The processed AnnData, where adata.obsm[pca_key] stores the PCA result.

Return type:

adata_after_pca

spateo.tools.cluster.pearson_residuals(adata: anndata.AnnData, n_top_genes: int | None = 3000, subset: bool = False, theta: float = 100, clip: float | None = None, check_values: bool = True)[source]

Preprocess UMI count data with analytic Pearson residuals.

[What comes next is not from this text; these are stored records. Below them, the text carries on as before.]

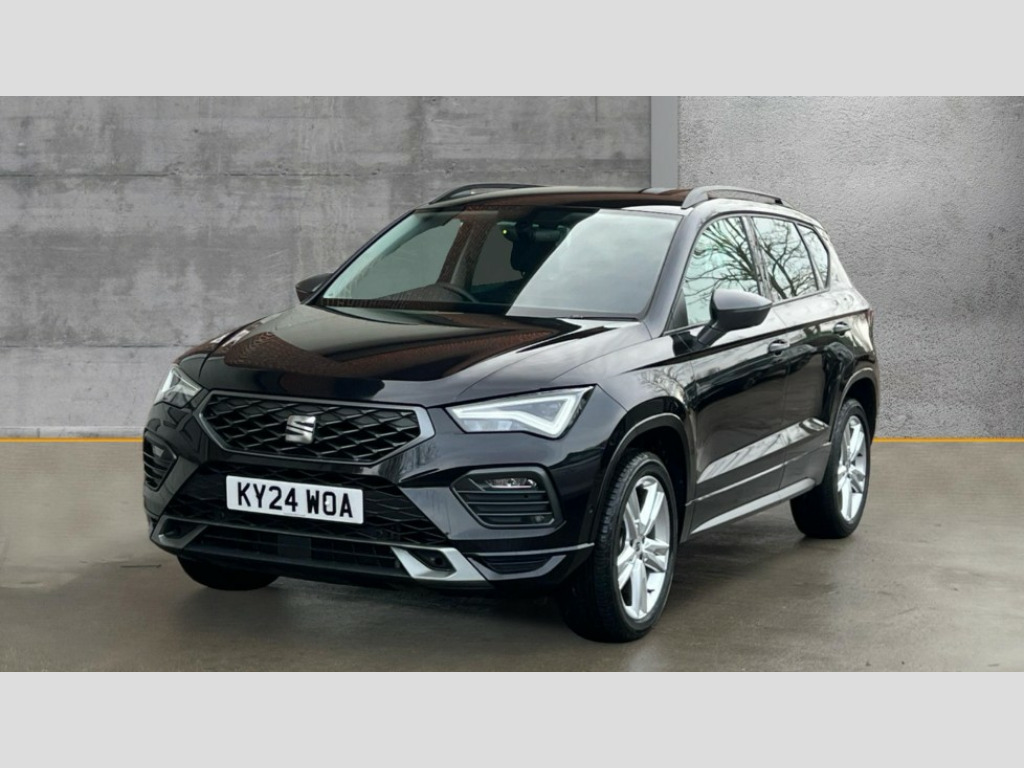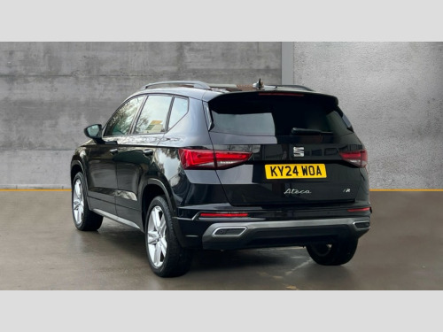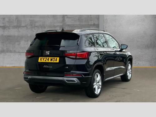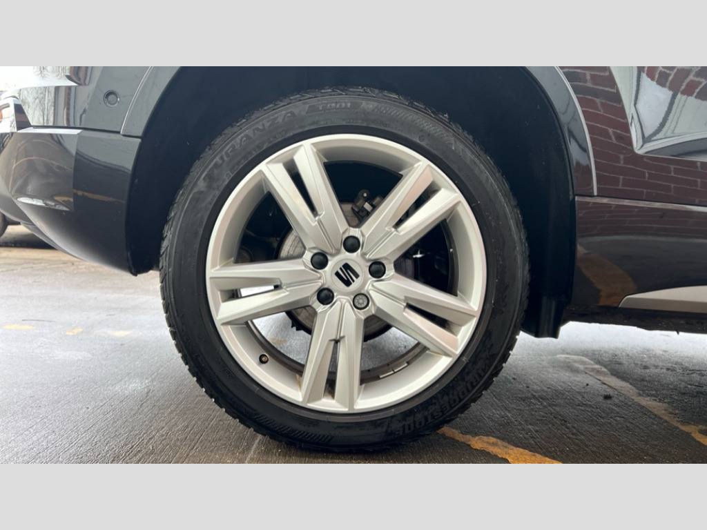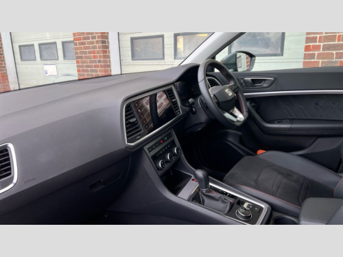 Seat Ateca 1.5 TSI EVO FR 5dr DSG 8" Digital cockpit, Colour multi-function on board computer display, Cruise control system with speed limiter, E-call, Outside temperature gauge, Progressive power assisted steering, SEAT drive profile with driving experience button - Normal, Sport, Eco and Individual mode, gearshift, steering and throttle response, Self parking functionality (includes front and rear parking sensors), Start/stop system, Tailgate, Trip computer, Wireless full link smartphone integration, Wireless phone charger, Steering wheel mounted audio/phone controls, Body colour bumpers, Body coloured wheel arch surrounds, Chrome front grille frame, Chrome roof rails, Chrome side window trim, Dark tinted rear windows, Daytime running lights, Door mirrors with welcome light silhouette, Dynamic headlight range control with self adjusting whilst driving, Electric adjustable/heated/folding door mirrors, Front and rear electric windows, Full LED headlamps with lens and LED front fog lamps with cornering function, Illuminated aluminium front door sill, LED rear tail lights with dynamic indicators, Rear fog lights, Rear side wing doors, Rear wash/wipe, Simulated exhaust pipes in chrome frame, Variable front intermittent wipers, 12v socket in front, 3 seat bench in 2nd row, 60/40 split folding rear seat, Aluminium pedals, Drawer under right front seat, Dual zone climate control, Front and rear head restraints, Front centre armrest, Front seat back storage pockets, Height adjustable driver and passenger seat with lumbar adjustment, ISOFIX points in outer rear seats with top tether anchorage points, Leather steering wheel and gear knob, Microsuede upholstery with front comfort seats, Rear armrest and easy back seat release mechanism from boot, Single front passenger seat, Steering wheel mounted gearshift paddles, Convenience pack - Ateca, Interior lighting pack - Ateca, Navigation system pack with DAB - Ateca, 3x3 point rear seatbelts, ABS, Traction control system (TCS), Electronic stability control (ESC) and Electronic differential lock system (XDS), Airbags - Driver and front passenger airbag with deactivation, front side, two curtain and driver's knee airbags, Electric parking brake with auto hold function, Front and rear seatbelt reminder, Front assist with autonomous emergency braking, Hill hold control, Manual rear child locks, Single tone horn, Tiredness recognition system, Traction control, Tyre pressure monitoring system, Alarm, Keyless entry, Locking wheel bolts, Remote central locking, Chrome interior detailing, 18" Brillaint silver alloy wheels
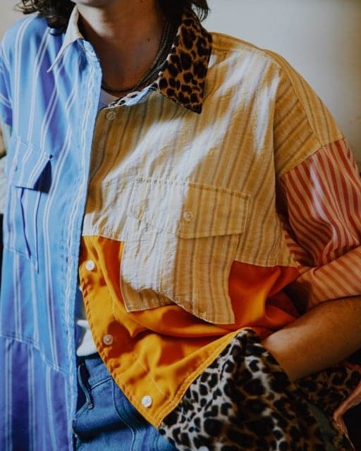 一款引人注目的拼布衬衫,结合了 5 到 6 种不同的图案。采用飘逸的合成面料制成,提供与 Freada 常用美学不同的清新外观。图案切换延伸至衣领和前襟,展现出对细节的细致关注。在牛仔工厂缝制,打造休闲风格,这种略微超大的廓形使其成为一件引人注目的单品。
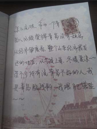 实践团队希望通过这次主题调研,找到青岛市人民感到幸福的具体真实的原因,从而发现全国人民如何才会感到幸福,找到“中国梦”的真正内涵,并发现实现“中国梦”的具体可行的方案。调研中,一位在长凳上悠闲的吹口琴的老大爷写道:“我的中国梦就是祖国繁荣昌盛,人民安居乐业,全国人民都能幸福满足的生活。”看来即使是平凡人也能孕育出伟大的不平凡的梦想。最后,在青岛人民的积极帮助下,实践团队收集了整整一个本子的“青岛印象”和签名,出色的完成了本次社会实践的第一个任务。
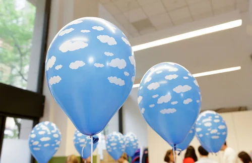 For the kids table we worked with Shop Sweet Lulu. We love their products as they have the best colors and patterns in paper goods. We also set the table with styrofoam airplanes and these cloud balloons tied to each chair so the kids could take them home on their way out.
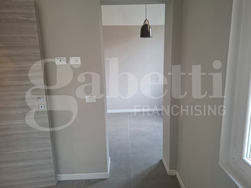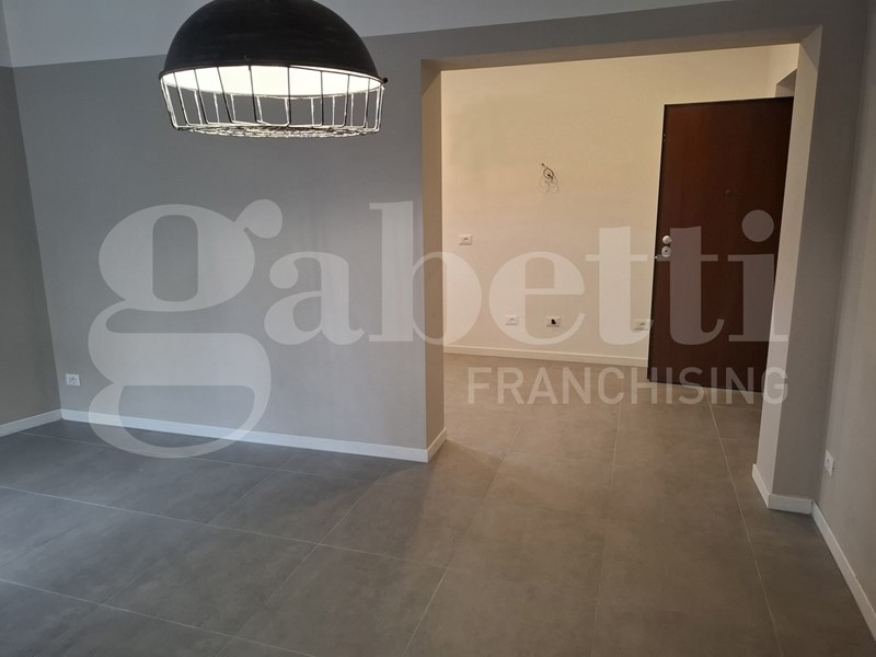L'alloggio, posto al secondo piano di una palazzina degli anni sessanta, è ubicato in un contesto residenziale caratterizzato da un elevato insediamento abitativo. Accedendo alla proprietà, si viene accolti da un'area d'ingresso prospicente alla zona destinata a cucinotto indipendente, affacciato sulla zona pranzo-soggiorno, anch'essa separata e dotata di ampie finestre che garantiscono luminosità agli spazi.

Pearson residuals transform raw UMI counts into a representation where three aims are achieved:

1.Remove the technical variation that comes from differences in total counts between cells; 2.Stabilize the mean-variance relationship across genes, i.e. ensure that biological signal from both low and

high expression genes can contribute similarly to downstream processing

3.Genes that are homogeneously expressed (like housekeeping genes) have small variance, while genes that are

differentially expressed (like marker genes) have high variance

Parameters:
adata

An anndata object.

n_top_genes

Number of highly-variable genes to keep.

subset

Inplace subset to highly-variable genes if True otherwise merely indicate highly variable genes.

theta

The negative binomial overdispersion parameter theta for Pearson residuals. Higher values correspond to less overdispersion (var = mean + mean^2/theta), and theta=np.Inf corresponds to a Poisson model.

clip

Determines if and how residuals are clipped: * If None, residuals are clipped to the interval [-sqrt(n), sqrt(n)], where n is the number of cells

in the dataset (default behavior).

  • If any scalar c, residuals are clipped to the interval [-c, c]. Set clip=np.Inf for no clipping.

check_values

Check if counts in selected layer are integers. A Warning is returned if set to True.

Returns:

Updates adata with the field adata.obsm["pearson_residuals"], containing pearson_residuals.